By the latter measure the war being waged by Philippine government troops in behalf of the most corrupt and most rapacious elite in Asia has long lost any claim to civilization. As the entire planet knows by now, from 2001 when Mrs. Gloria Macapagal Arroyo came to power, the killing of non-combatants has escalated until it was noticed by human rights groups, the United Nations, and some governments. They have since abated in number, but only last week crossed that invisible line only savages have been known to cross.
Twenty-year old Rebelyn Pitao, the daughter of a New People’s Army commander in Davao, was abducted, tortured and killed, most probably by the military, last week. One of the geniuses with which the Arroyo regime is so delightfully blessed, Press Secretary Cerge Remonde, retorted to that allegation by human rights groups that on the other hand, Communist Party founding chair Jose Ma. Sison and National Democratic Front Chair Luis Jalandoni should be held responsible for the policemen and soldiers killed by the NPA.
Perhaps someone should acquaint Remonde with the difference between combatants (policemen and soldiers) and Pitao, who was no guerilla but a substitute teacher? Or with the Philippines’ being a signatory to practically every international covenant that among others protects even combatants from torture? Or with the implication in his statement re Sison and Jalandoni that Mrs. Arroyo, under the same command responsibility principle, could be liable for every extra-judicial killing that has taken place during her watch?
Forget it.
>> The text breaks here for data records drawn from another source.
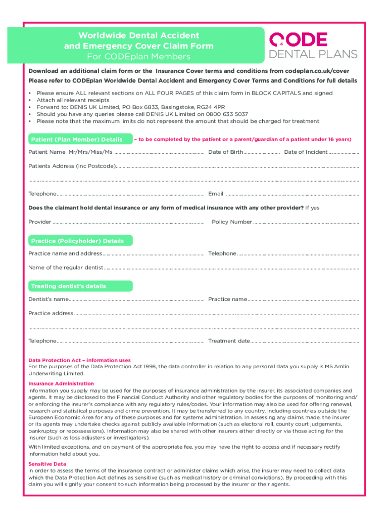 Worldwide Dental Accident and Emergency Cover Claim Form For CODE plan Members Download an additional claim form or the Insurance Cover terms and conditions from codeplan.co.uk/cover Please refer
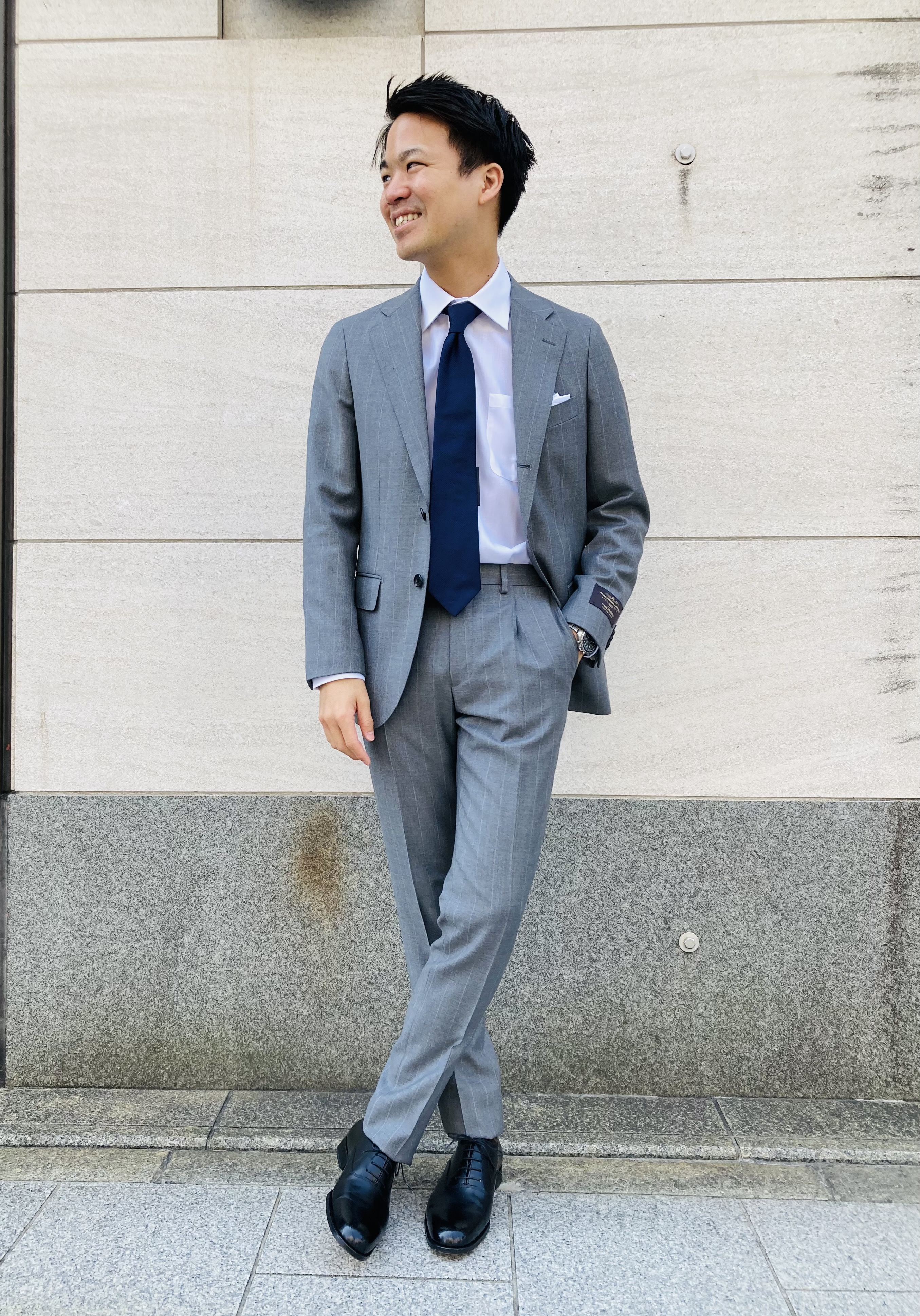 ここは王道の白シャツにネイビー無地タイでシンプルにカッコ良くまとめてみました😎
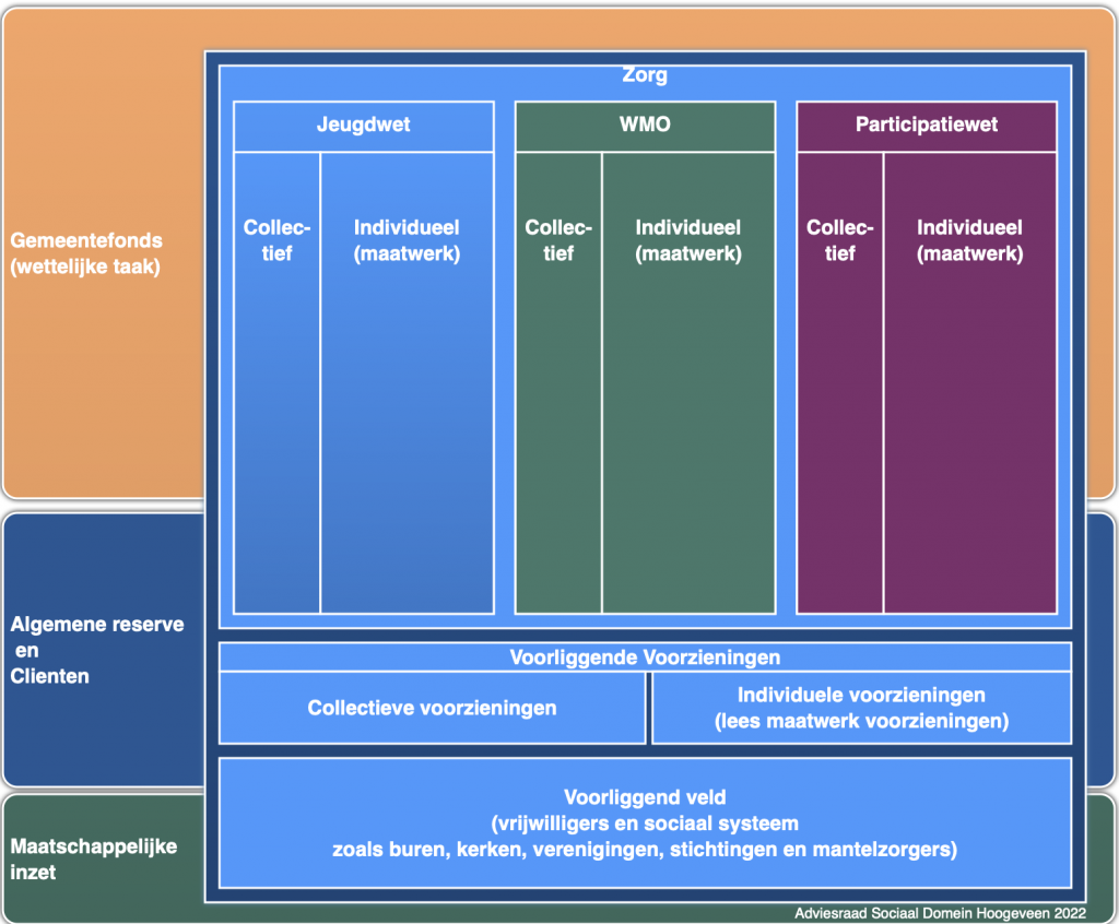 Het valt ons als Adviesraad op dat veel wordt verwezen naar het voorliggend veld. Wij willen hierbij benadrukken dat dit voorliggend veld bijna geheel wordt gevormd door langdurige en bestaande en spontaan ontstane activiteiten, ontstaan vanuit de maatschappij (participatie) en de eigen verantwoordelijkheid van de medemens uit sociale aspecten en vanuit de morele plicht over het omzien naar elkaar. En dat in Hoogeveen 14% van de inwoners hun vrijwilligheid inzetten. Niet gedreven en aangestuurd door de overheid. Dit in verhouding met een normaal gemiddelde inzet van 12%. Hoeveel rek denkt het college dat er nog in het voorliggend veld zit?

The unteachable are so labeled precisely because instruction is lost on them. The abduction, torture and murder of Pitao is a war crime most likely committed by that honorable breed of officers, soldiers and gentlemen so abundantly produced by the armed forces — an institution as unteachable as the press secretaries, presidential spokesmen, and presidents that fraud, mendacity, corruption and plain stupidity have inflicted upon this sorry nation.
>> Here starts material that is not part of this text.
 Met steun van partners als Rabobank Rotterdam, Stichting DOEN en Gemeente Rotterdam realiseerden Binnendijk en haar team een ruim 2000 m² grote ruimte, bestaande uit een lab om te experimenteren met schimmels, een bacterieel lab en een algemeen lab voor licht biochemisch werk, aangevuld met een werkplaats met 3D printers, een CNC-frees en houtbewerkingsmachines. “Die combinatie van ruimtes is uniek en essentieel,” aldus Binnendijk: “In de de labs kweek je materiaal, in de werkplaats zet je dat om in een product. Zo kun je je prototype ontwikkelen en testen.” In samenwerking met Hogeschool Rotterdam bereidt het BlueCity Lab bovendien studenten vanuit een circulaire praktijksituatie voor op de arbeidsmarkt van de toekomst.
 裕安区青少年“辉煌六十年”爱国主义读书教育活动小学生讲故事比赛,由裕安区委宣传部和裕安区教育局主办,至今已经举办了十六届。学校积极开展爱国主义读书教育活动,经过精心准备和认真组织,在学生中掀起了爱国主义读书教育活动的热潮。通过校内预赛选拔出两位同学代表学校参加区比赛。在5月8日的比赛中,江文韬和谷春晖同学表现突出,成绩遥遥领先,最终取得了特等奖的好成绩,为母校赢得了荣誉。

There being no hope in teaching the unteachable — the Commission on Human Rights has after all been holding HR seminars for the police and military for years, apparently to no avail — out of desperation some could applaud US efforts to develop autonomous robot soldiers, supposedly, say US spokesmen, as a means of preventing war crimes.
The military robots currently operating in the world’s battlefields, among them the pilotless drones that can unleash a rain of missiles on a bridal party in Iraq or on the wife and children of a Hamas leader in Gaza with equal efficiency, are run by human operators. But the machines the US and other countries are developing, already at a cost of billion for the US, would be “autonomous” in the sense that they need no human operators, and can make decisions on their own, being armed not only with the most lethal weapons available, but also with artificial intelligence.
Human soldiers may be brainwashed, may break under stress, and may even — and often do — commit the unspeakable acts of barbarity so common in Philippine armed forces tradition. But they can also be moved by their consciences and can refuse to obey unlawful orders. I know of no such instance when a Philippine government soldier disobeyed an order because it was illegal or immoral, but the possibility is at least there, nevertheless.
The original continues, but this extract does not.